Harun Nag had purchased the suit land measuring Ac.0.06 decimals from

Jayadev Kalo under one unregistered plain paper document for a
                                        -3-



consideration of Rs.140/-. It is stated that from the date of said purchase,

Harun Nag becoming the owner possessed the land in question. Later Harun

Nag sold the suit land to the Plaintiff by executing a registered sale deed on

17.05.1961. Pursuant to the same, the Plaintiff possessed the suit land being

its owner. When the matter stood thus, the Defendant No.3 initiated a

proceeding under the Regulation, 1956 vide Misc. Case No.4 of 1998 against

the Plaintiff and his vendor Harun Nag. The above action initiated was to

evict them from suit land and restore the possession of the said land to the

successor-in-interest of Jayadev Kalo. The proceeding finally ended with an

order of eviction of the Plaintiff and his vendor Harun Nag followed by an

order of restoration of possession of the suit land in favour of the Defendant

Nos.1 and 2. The order being passed on 30.11.2002, the Plaintiff carried an

Appeal as provided under Regulation 2 of 1956 to the Appellate Authority,

i.e., Defendant No.4. The Appeal being numbered as R.A. No.49 of 2002,

finally came to be dismissed. The order passed by the Defendant No.3 thus

stood confirmed. The Plaintiff being aggrieved by the said orders, challenged

those by carrying writ petitions before this Court in W.P.(C) Nos.8994 and

8995 of 2005. Those also stood dismissed. The Plaintiff thereafter filed

Letters Patent Appeal vide W.A. No.71 of 2005. The Hon'ble Division Bench

of this court on 19.12.2005 dismissed those Appeals. Thus, having failed in

the attempts, the Suit was instituted praying for the reliefs as already stated.
                                      -4-



4.           The Defendant Nos.1 and 2 in whose favour the orders had been

passed by Defendant Nos.3 and 4 in those proceedings under Regulation 2 of

1956, contested the Suit by filing their written statement and so also the

Authorities acting under the Regulation 2 of 1956, i.e., Defendant Nos.3 and

4 filed their written statements.

             The case of the Defendant Nos.1 and 2 is that they are members

of Scheduled Tribes community residing in the Schedule Area. Jayadev Kalo

was there predecessor-in-interest. They denied the case of the Plaintiff that

Jayadev Kalo had ever sold the suit land to Harun Nag, who is a member of

their community. It is their case that the suit land had been erroneously

recorded in the name of Harun Nag in the settlement operation. Be that as it

may, by virtue of erroneous recording, Harun Nag had not acquired any sort

of interest over the suit land. Since Harun Nag had no interest whatsoever the

land in question, he had no alienable right over the same and the sale of the

land in favour of the Plaintiff, according to them is of no value in the eye of

law and is void. So, the Plaintiff has never been clothed with any right, title

and interest by his so called purchase from Harun Nag. It is their case that

Misc. Case No.4 of 1998 had been initiated by the Defendant No.3 to evict

Harun, the Plaintiff along with another co-purchaser Abdul Gony Ansari from

the suit land in exercise of the power under the Regulation 2 of 1956. The

proceeding was rightly concluded and final order therein having been passed,
                                       -5-



the same has stood the test before the Appellate Authority, i.e. Defendant

No.4 as also before this Court on Original as well as appellate side. It is stated

that the Suit is barred by the section 7-E of the Regulation 2 of 1956 which

clearly prohibits entertainment of Suit and any matter so decided in the

proceeding under the Regulation for being agitated again.

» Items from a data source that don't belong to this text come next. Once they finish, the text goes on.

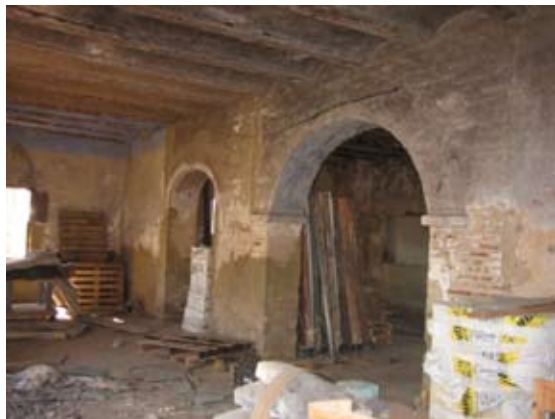
Vista Interior: Planta Baja.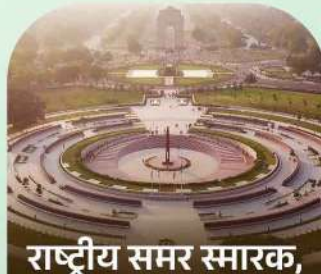
राष्ट्रीय समर स्मारक, इंडिया गेट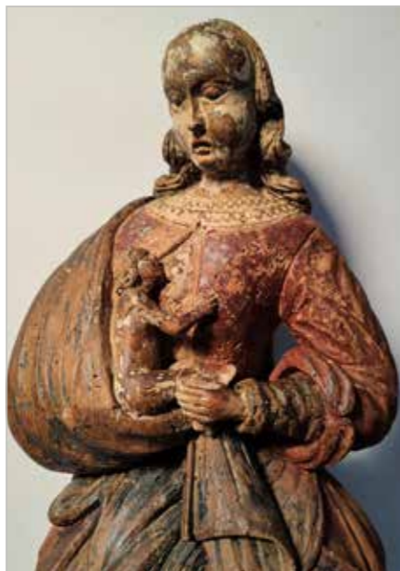
Kojící Panna Maria, polychromovaná dřevěná soška, horní Pootaví, asi 17. století, Muzeum Šumavy

Toto zobrazení má zřejmě svůj prapůvod v prostředí koptské církve, kde mohl působit příklad staroegyptského zobrazování panenské bohyně Eset (Isis) kojící svého syna Hóra. Téma kojící Panny Marie bylo v evropském umění oblíbené již od 14. století. Tridentský koncil v 16. století však takové zobrazování Panny Marie odmítl jako nepatřičné odhalování těl svatých. Tomuto zpátečnickému postoji, zdá se, by mohla dobře porozumět dnešní doba, kdy případné kojení na veřejných místech je často odmítáno jako nemravný akt, hodný zavržení. Kojící matky však zcela logicky argumentují, že jejich odhalené ňadro není v případě krmení potomka sexuálním atributem, ale symbolem mateřství. Proto není důvod ho skrývat. O toto nakonec šlo i ve vyobrazeních kojící Panny Marie ukazujících láskyplné jednání a zacházení matky s dítětem. Právě tato zobrazení zachycují Marii a malého Ježíše ve zvlášť blízkém intimním spojení, které znamená jistě daleko více než jen předávání potravy. Jde o akt niterného vztahu, vztahu té nejbližší vzájemnosti matky a dítěte. Na příkladu tohoto přirozeného lidského jednání a chování se staré umění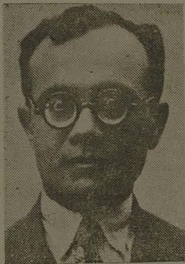
DR. JOSE' AMERICO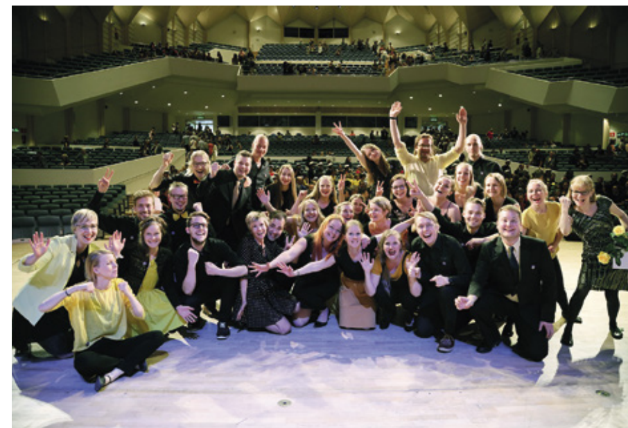
Kesäkuussa 2019 Kipinät sai vokaalimusiikin festivaali Tampereen Sävelen kansainvälisen kuorokatselmuksen korkeimman palkinnon, kolme kultaleimaa.

Suomessa on 3 000 kuoroa. Suomen Laulajain ja Soittajain Liiton Sulasolin kustannusjohtaja Reijo Kekkonen mukaan Suomessa on eniten seka- ja mieskuoroja. Keskimäärin kuorojen koko vaihtelee 15–40 jäsenen välillä. Kokoon voi vaikuttaa se, onko paikkakunnalla tarpeeksi laulajia tai onko paikkakunnalla paljon kuoroja, jotka taistelevat jäsenistä.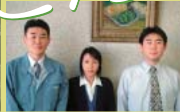
(左から)佐伯課長、鳥飼主任、上本係長 取材にご協力頂きありがとうございました。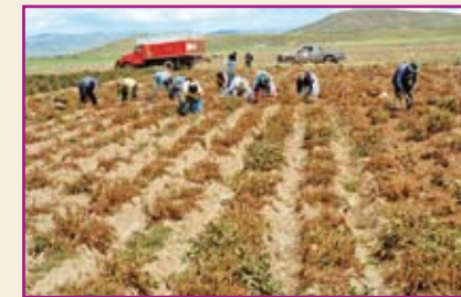
Agricultores realizando cosecha oportuna.

Debemos cosechar en su momento, caso contrario semana que pase, el daño será mayor. Si notamos algún daño en nuestra parcela, podemos adelantar la cosecha.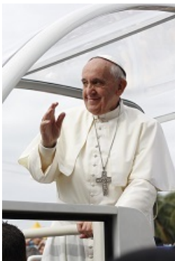
El Papa Francisco en Río de Janeiro (Brasil), julio de 2013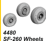
4480 SF-260 Wheels

             The Defendant Nos.3 and 4, reiterating the stand taken by the

Defendant Nos.1 and 2 have stood in support of the orders passed in Misc.

Case No.4 of 1998 as well as Appeal No.49 of 2002. It is stated that all such

due procedures as provided in law holding the field have been scrupulously

followed and those orders being free from any illegality or infirmity have

remained un-interfered in the Writ Proceeding as well as the Appeal carried

therefrom. It is stated that the Suit is vexatious for no reason except to harass

the Defendant Nos.1 and 2, who are the members of the Scheduled Tribe with

a bid to deprive them of the fruit of the proceeding under the Regulation 2 of

1956 and grab their immovable property which forms the subject matter of

the Suit.

5.           On the above rival pleadings, have framed in all ten issues.

Answering the crucial issue as to the jurisdiction of the Civil Court with

which we in this second Appeal are concerned, as on that score, the

substantial question of law has been formulated for being answered, together

with other two issues which are consequential as to the right, title and interest
                                        -6-



of the Plaintiff over the suit land vis-à-vis that of the Defendant Nos.1 and 2

as asserted, the Trial Court has non-suited the Plaintiff.

              The unsuccessful Plaintiff having carried the First Appeal has

also lost therein. The Plaintiff has thus filed this Appeal before this Court.

6.            The Appeal has been admitted on the following substantial

question of law:-

              "Whether the finding of both the Courts below with
              regard to issue no.v is contrary to principles laid down in
              Paramananda Pradhan and another v. Palau Sahu and
              others; 56(1983) CLT 482 (F.B.) and Mangulu Jal and
              others v. Bhagaban Rai and others; 41 (1975) CLT 526?"
7.            I have heard learned counsel for the Appellant and the learned

counsel for the Respondents at length. The judgments of the Trial Court as

well as the First Appellate Court have been carefully gone through. The

written notes of submissions filed by the learned counsels for the parties

being taken on record have been carefully read.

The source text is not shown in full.